Affinché sia ravvisabile un indebito di diritto comune, tale da radicare la giurisdizione ordinaria, occorre un esplicito riconoscimento sia della sussistenza del debito gravante sull’Amministrazione, sia del quantum di esso.
Nel caso di specie, tali requisiti non risultano sussistere.
All’opposto, il provvedimento di sospensione del rimborso si traduce nel sostanziale diniego dello stesso, seppure di carattere temporaneo (in tal senso, tra le altre, Cass. civ. sez. V, 28 agosto 2013 n. 19755).
Anche il passaggio in giudicato della sentenza di annullamento del provvedimento di sospensione si rivela inidoneo a configurare l’indebito di diritto comune e, quindi, a radicare la giurisdizione ordinaria.
Spetta piuttosto al giudice tributario dell’ottemperanza l’identificazione dell’effettiva portata precettiva del giudicato vantato dalla società, al fine di enuclearne e, se necessario, precisarne il contenuto degli obblighi che ne discendono.
Ai sensi dell’art. 70 D.lgs. 31 dicembre 1992 n. 546, scopo del giudizio di ottemperanza non infatti è quello di ottenere l’esecuzione coattiva del comando contenuto nella decisione passata in giudicato, bensì quello di realizzare quel comando, e, se occorre, di integrarlo, concretizzando il principio di effettività della tutela dei diritti.

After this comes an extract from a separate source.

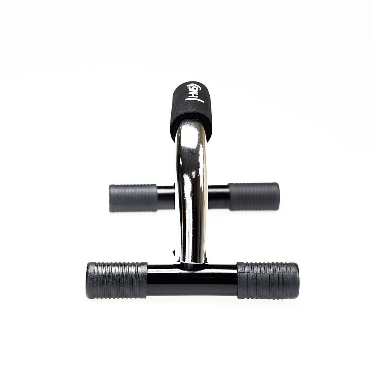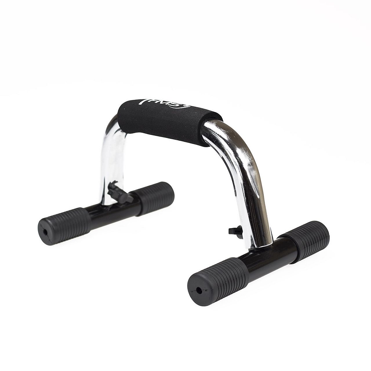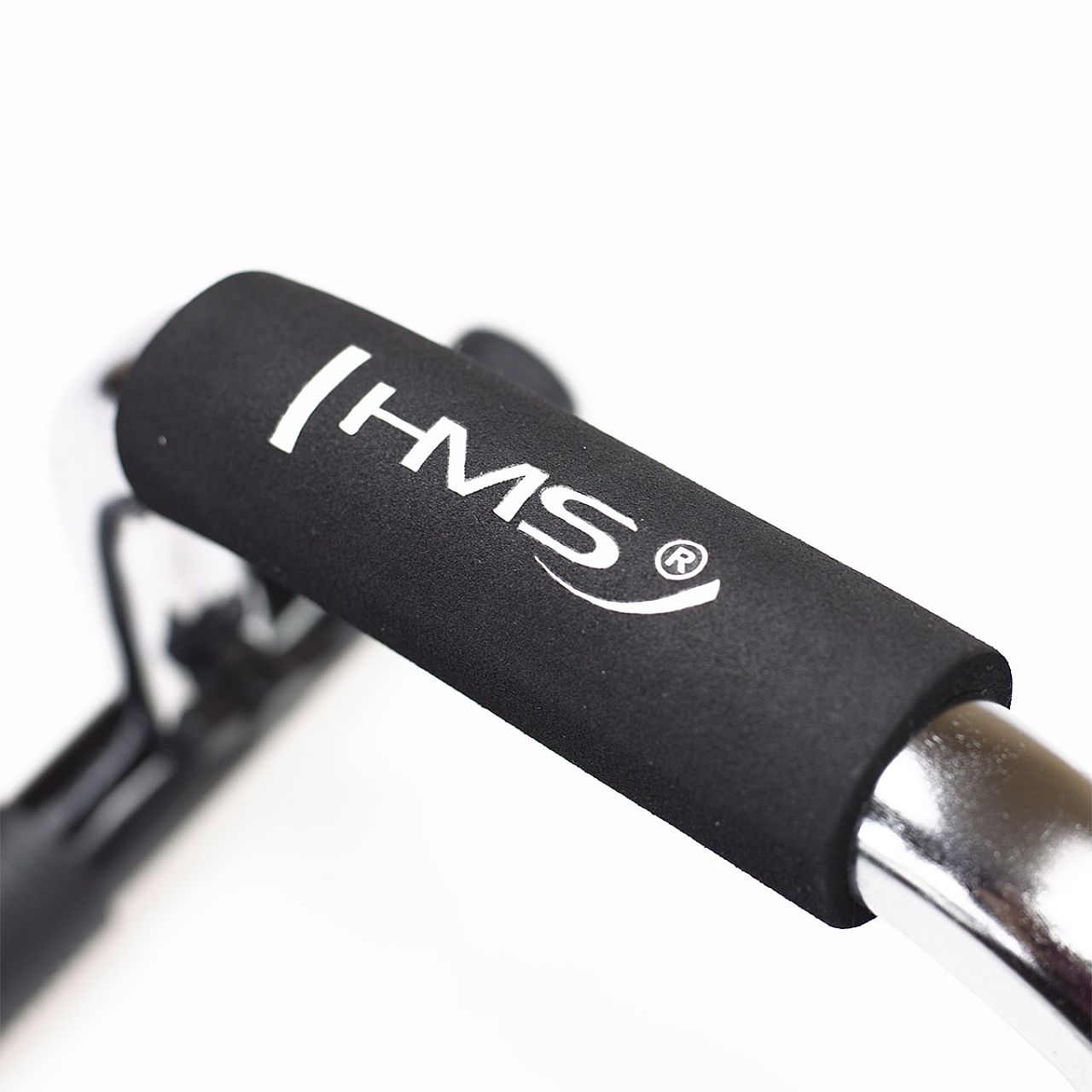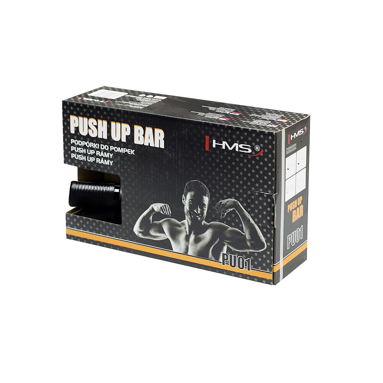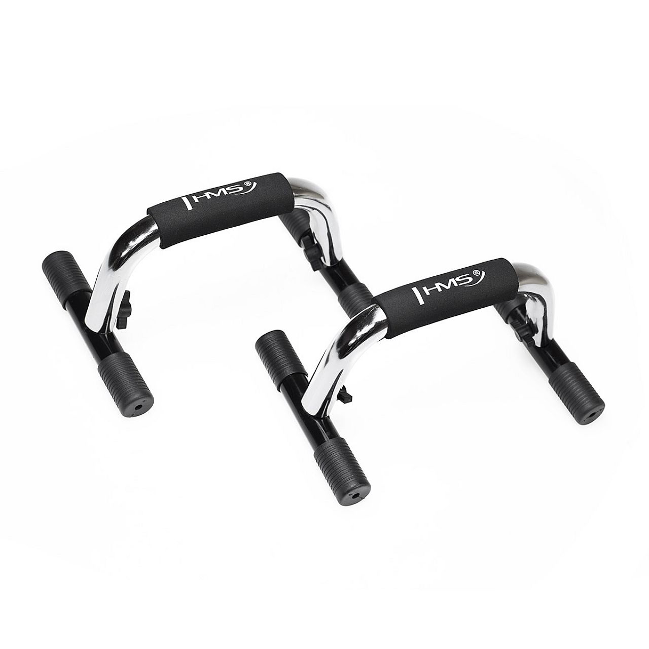 PU01 HMS - ручки для віджимань. Пристосування допоможе зміцнити м'язи рук, стегон і тулуба. Ручки виготовлені з матеріалів найкращої якості. Їх посилена структура стійка до пошкоджень, а безпека забезпечується нековзкими ніжками. Ручки мають дельтоподібну форму, завдяки чому забезпечують стійку опору та рівномірно розподіляють вагу тіла під час занять. У свою чергу, захватна частина покрита м'яким поролоном. PU01 мінімізує тиск на кисті, зап'ястки та лікті під час виконання віджимань із вузьким і широким розносом і хрест-навхрест до тіла. Збільшуючи інтенсивність вправ для верхньої частини тіла, ви швидко наростите міцні біцепси та трицепси.

Pertanto, a fronte della condotta dell’Amministrazione di inottemperanza al giudicato concernente l’illegittimità del provvedimento di sospensione del rimborso, dovuta alla ritenuta esclusione del credito vantato dalla società, non è configurabile alcun indebito di diritto comune.
Sussiste quindi la giurisdizione del giudice tributario, dinanzi al quale le Sezioni Unite della Suprema Corte, una volta cassata la sentenza impugnata, rimettono le parti, anche per la liquidazione delle spese processuali.